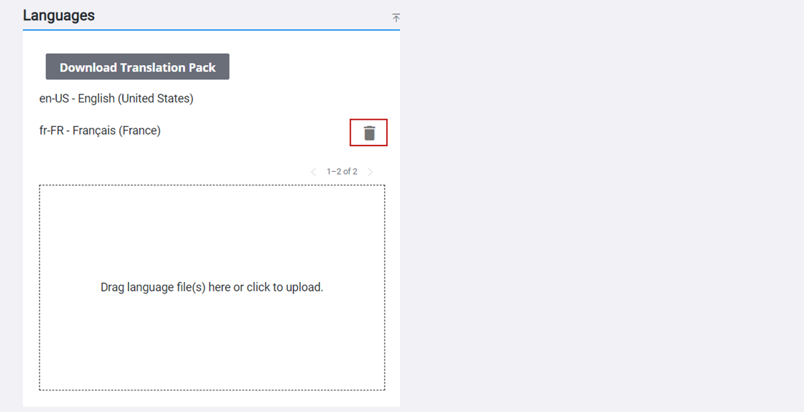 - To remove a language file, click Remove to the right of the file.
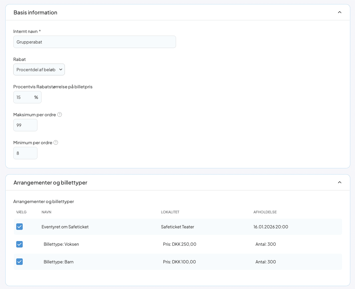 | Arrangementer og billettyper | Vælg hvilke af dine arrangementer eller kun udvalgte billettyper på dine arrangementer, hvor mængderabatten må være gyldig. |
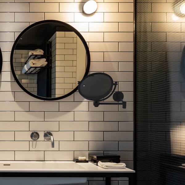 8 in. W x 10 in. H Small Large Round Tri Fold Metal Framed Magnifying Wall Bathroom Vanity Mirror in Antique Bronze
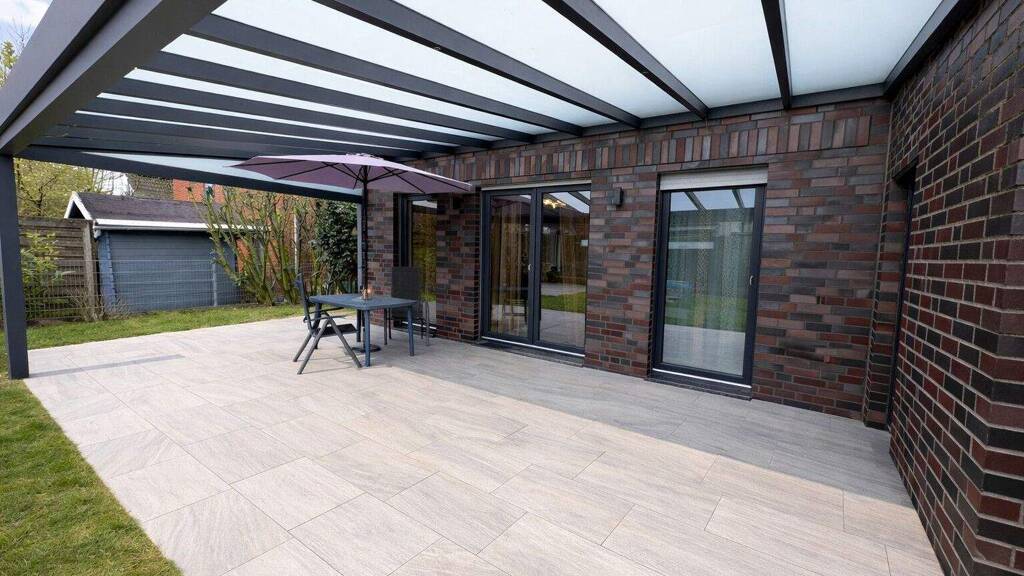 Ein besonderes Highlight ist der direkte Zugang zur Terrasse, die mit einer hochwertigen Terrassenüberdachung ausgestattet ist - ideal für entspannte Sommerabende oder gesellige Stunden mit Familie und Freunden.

• **Exercise**
Pictures stay out. Print the data exactly, from its first line through the line containing "være gyldig. |".

• **Exercise response**
 - To remove a language file, click Remove to the right of the file.
 | Arrangementer og billettyper | Vælg hvilke af dine arrangementer eller kun udvalgte billettyper på dine arrangementer, hvor mængderabatten må være gyldig. |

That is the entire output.